Create first model

Introduction

Setting up a mizer model that agrees with observations used to be really difficult. That is not a surprise, because we have seen how all the species influence each other, as well as the resource, and how the reproduction rates of all species depend on the size spectra of all species and vice versa. So if you make changes in one corner of the model to make it agree with some observation, things change at another corner to mess things up again.

There are three dynamic processes in action in a mizer model at the same time: size-spectrum dynamics, reproduction dynamics and resource dynamics. These are fully interacting with each other, with feedback loops. So for example the resource spectrum depends on the consumption by fish, which depends on the fish size spectra, which depend on the fish growth rates, which depends on the resource spectrum. Similarly the reproduction rate depends on the number of mature fish and on their energy income, which depends among other things on the rate at which new individuals are recruited, which depends among other things on the reproduction rate. And all of these feedbacks depend on the model parameters that we are supposed to choose in a way that reproduces observed behaviour. It seems hopeless!

The way we have arrived at a simple process for the creation of a viable mizer model is to decouple the tuning of the size spectrum dynamics from the tuning of the reproduction dynamics and resource dynamics. So, initially we turn off reproduction dynamics and resource dynamics. We set the constant reproduction rate to a level that produces the observed biomasses and we set the constant resource spectrum according to observations or, in the absence of observations, we set it to a Sheldon power law. We then use the size spectrum dynamics on its own. The size spectrum usually quickly settles down to its steady state, so that we can interactively tune parameters to get the steady state to agree with observations.

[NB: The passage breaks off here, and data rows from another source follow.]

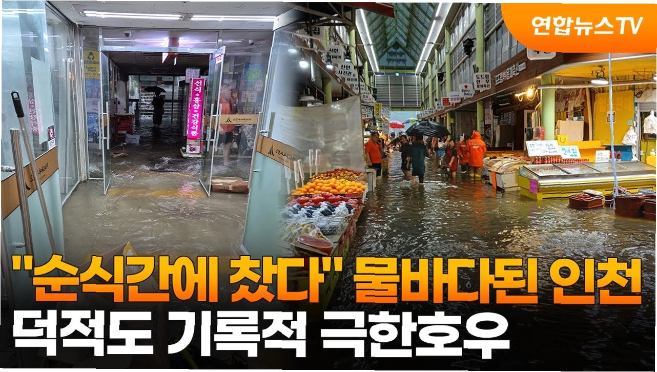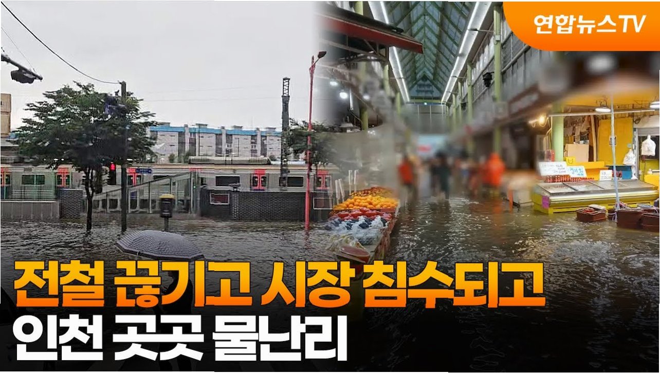 인천 서구의 한 시장은 물바다가 되어 냉장고와 쓰레기가 떠밀려왔습니다. 지하상가에서는 상인과 손님들이 황급히 대피하는 소동이 벌어졌습니다. 중구의 한 야외 공원에서는 빗물이 폭포처럼 쏟아져 내렸고, 흙탕물 급류가 도로를 뒤덮었습니다. 맨홀에서는 빗물이 역류해 인도가 잠겼고, 도로 옹벽이 무너지면서 차량 통행이 통제되기도 했습니다. 이른 아침부터 호우경보가 발효된 인천에는 오늘 하루 434건의 침수 피해가 접수되었습니다.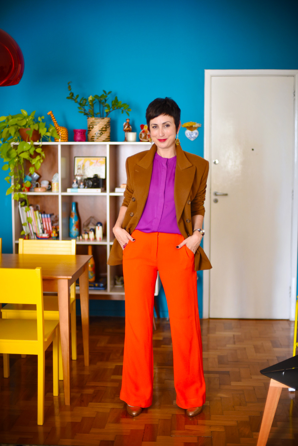 Acho um desafio propor coordenações de cores pois sei que ficamos inibidos com o impacto disso no dia a dia, principalmente quando avistamos a maioria das pessoas de cinza, preto e branco. Mas acho também uma lástima brincarmos pouco com o que nosso armário pode oferecer por conta de olhares de pessoas que na verdade não estão nem aí pra gente, só querem que fiquemos dentro da caixinha junto delas, amedrontados sei lá com o que.
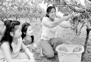 草莓采摘余香犹存,葡萄又已硕果满枝。位于川汇区和西华交界处的玉桂千亩生态葡萄园又迎来了收获的季节,晶莹剔透的串串葡萄吸引了大量游客。近年来,我市逐步挖掘特色农业资源,积极推进农业示范园建设,打造了河南省种植面积最大、品种最优、栽培技术最先进的示范性玉桂千亩生态葡萄园等一批特色农业基地,以特色农业基地为平台,创新农业旅游融合发展思路,融入旅游元素和功能,引导特色农业基地按照“可看、可干、可带”的原则进行开发建设。游客既可以体验采摘之乐,又能体验最真实的田园农家生活。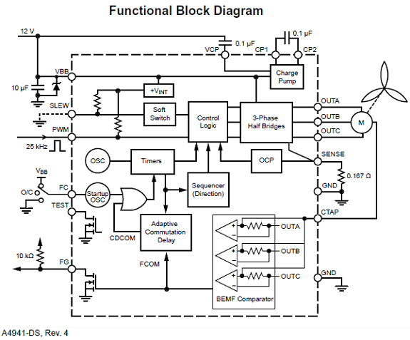 - FG: Pulse output - divide by 4 to get shaft speed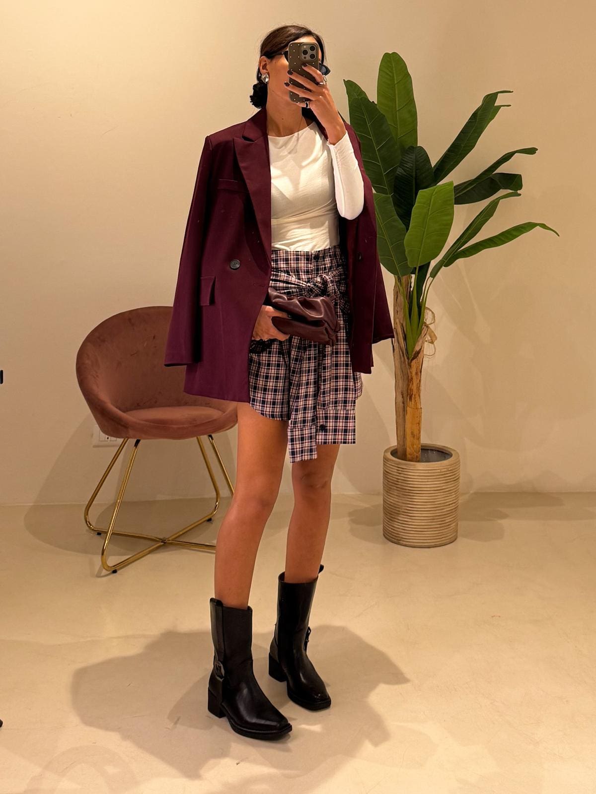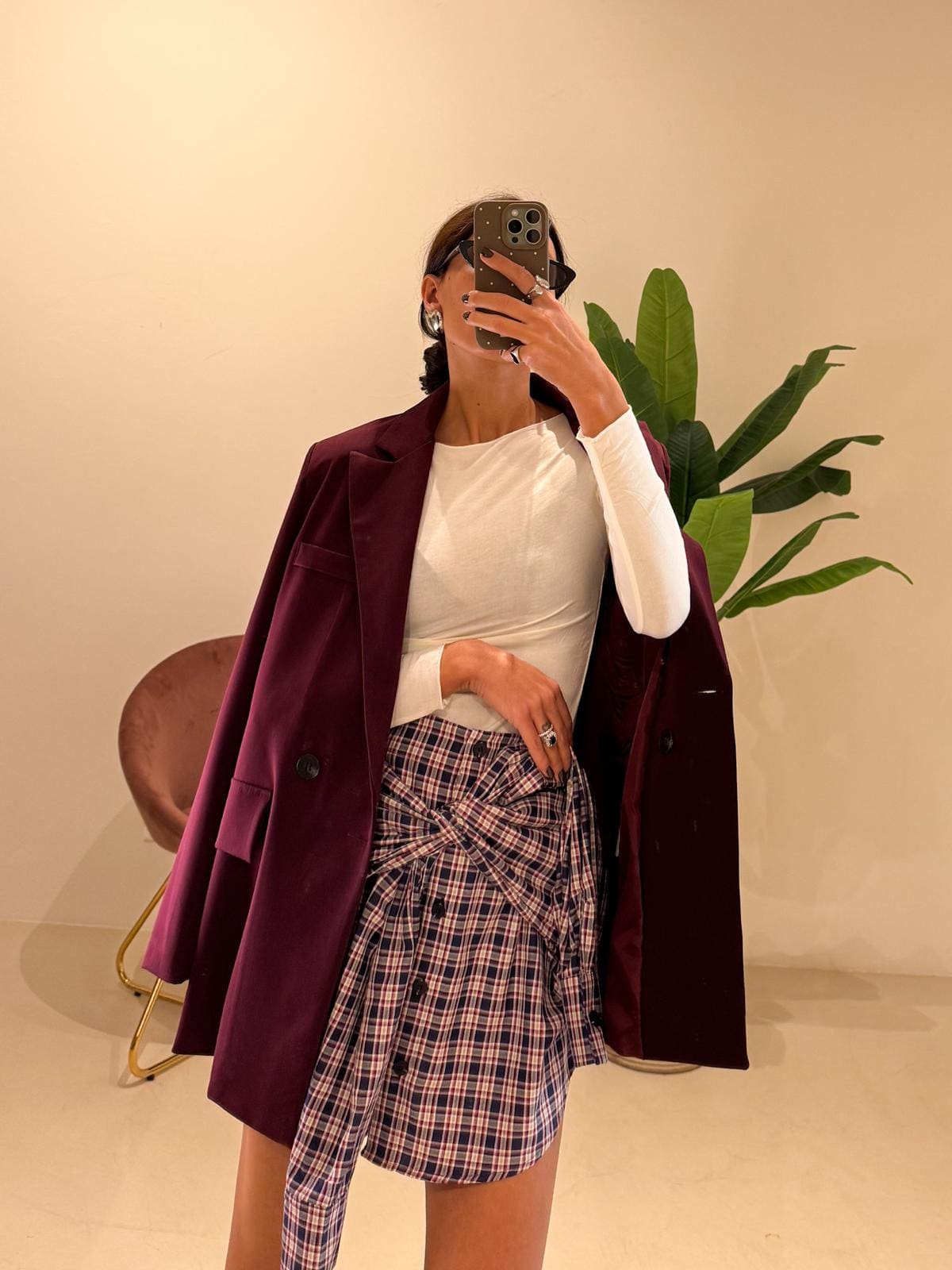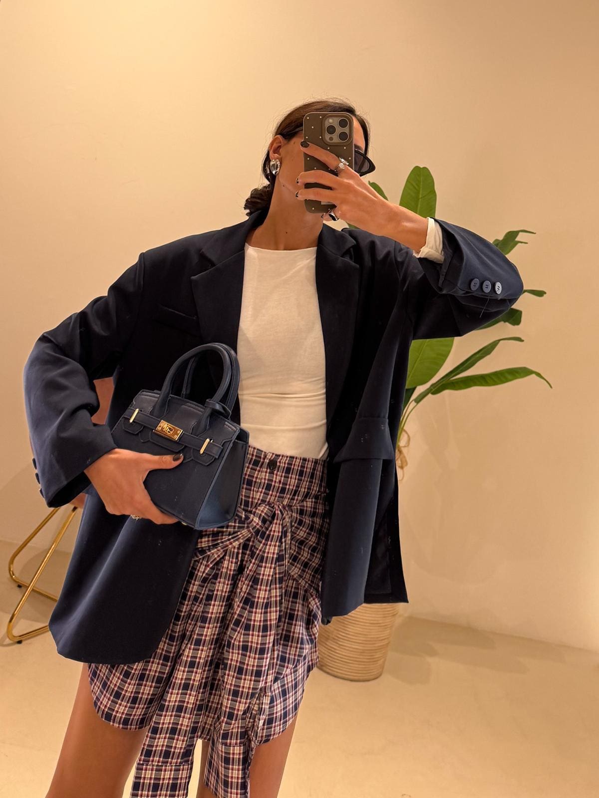 MINI STAMPA CHECK NODO TAGLIE DISPONIBILI S/M M/L Chiusura bottoncini Tela fissa Sofia H 173cm indossa taglia S/M Composizione:100% cotone

Once we are happy with the steady state of the model, we turn the reproduction and resource dynamics back on, but with parameter choices that do not modify the steady state of the size spectra in a now coupled system. We then have to tune the remaining parameters of the reproduction dynamics and resource dynamics to achieve the correct sensitivity of the system to perturbations away from its steady state. By separating tuning of the dynamics from the tuning of the steady state, the whole process becomes much more manageable.

We will concentrate on building models with the correct steady state for the next few tutorials and only later turn to tuning the behaviour away from steady state.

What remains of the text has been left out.